The most fun part of the game was having an injured hitter sitting next to us behind the plate. He cringed or moaned when his mates would watch strike one or strike two sail over the plate for a strike. Then swing at crap in the dirt for strike three. He also was annoyed at the hitter who worked a 3-0 count, watched a center-cut fastball, swung at a nice curve, then watched a low-90s fastball for a strike three.

By the ninth, we had built up a bit of a rapport (I thought), and noted a Cougars reliever threw one "at 93 or 94" to set up a strikeout. The guy heading for surgery then flashed me a "4", indicating 94. Players can be cool, and informative, in minor league settings, if you remember your place.

And that the player is working.

Back to Zastryzny.
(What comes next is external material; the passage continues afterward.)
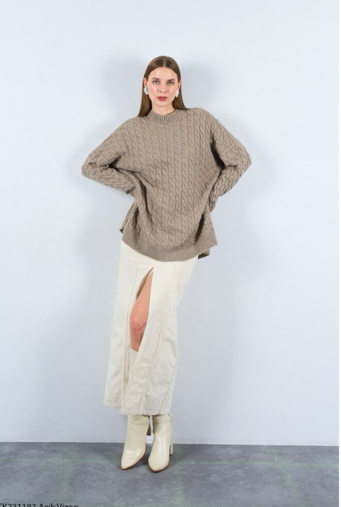 Bej renkli, uzun kollu ve gevşek kesim kadın kazak. Örgü kumaştan üretilmiş, bisiklet yaka ve uzun boyuyla gündelik kullanıma uygundur. Standart bedenlerdedir. 36-42 arası uyumludur

He pitched rather well in Boise and Kane County last year. I saw most of his Low-A strikeouts that night, and Tyler Skulina looked good as well. What the Cubs look to be amassing is a decent string of pitchers that could be valid options in the show, in not such a long time. Zastryzny could jump straight to Daytona in High-A, and that wouldn't be that much of an aggressive push.
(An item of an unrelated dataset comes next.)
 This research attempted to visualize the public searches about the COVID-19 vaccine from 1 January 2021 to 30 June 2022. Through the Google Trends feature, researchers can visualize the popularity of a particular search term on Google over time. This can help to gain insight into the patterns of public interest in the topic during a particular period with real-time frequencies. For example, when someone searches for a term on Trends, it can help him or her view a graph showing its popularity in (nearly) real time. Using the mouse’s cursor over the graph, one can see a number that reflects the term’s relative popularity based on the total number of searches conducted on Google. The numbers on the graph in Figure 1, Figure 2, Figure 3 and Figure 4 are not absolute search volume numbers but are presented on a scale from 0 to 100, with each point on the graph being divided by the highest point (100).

The Cubs' org philosophy, starting with last season, appears to be something like this: If a pitcher has High-A talent/composure, that's where he'll go. If he doesn't, he'll start lower. For too long, the guys starting in a level were the best guys to put at that level. However, they were often outgunned there. Low-A pitching has been kind of brutal the last few years for the Cubs. There were bright spots, but the back ends of bullpen/rotation were a bit unreliable. Like in Wrigley.
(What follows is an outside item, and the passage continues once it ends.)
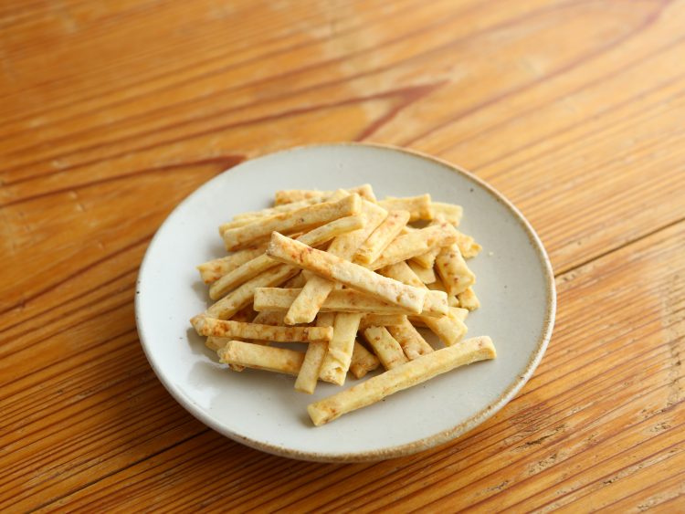 “Both my kids and I dislike the taste of saké lees. So when I started developing the menu for the café, I would add saké lees to a dish and give it to them to taste. They would always complain: ‘You put saké lees in again!’ But they’ll munch down on these saké lees crackers without a second thought.”

If Rob Zastryzny is High-A quality for April, that's where he'll go. If not, he'll follow the Pierce Johnson flight plan, of starting in Low-A, and moving up as he's earned it. This premise seems a given, but a good system should have four (at least) level quality starting pitchers at every level. If they improve, that helps up the ladder. If they faceplant,then it doesn't.

Zastryzny looks like a starter. I'm guessing Kane County, as they can piggyback him (run out two starters over seven or eight innings) if they wish to watch his pitch count. For him, watch the W/K ratio. I don't have any intel that he'll be wild, but I'm not sure on his putaway pitches. He has changed speeds routinely, so his value isn't tied up in a radar gun reading. Keep it over 2/1, get him through the 2014 season healthy, and call it a win. I have no lefthanders rated higher than Zastryzny on the Zygote 50 (sixth among starting pitchers), so getting something from him would be really helpful. Top lefty, and most Z's. Here's hoping.

But it's not worth rushing him over.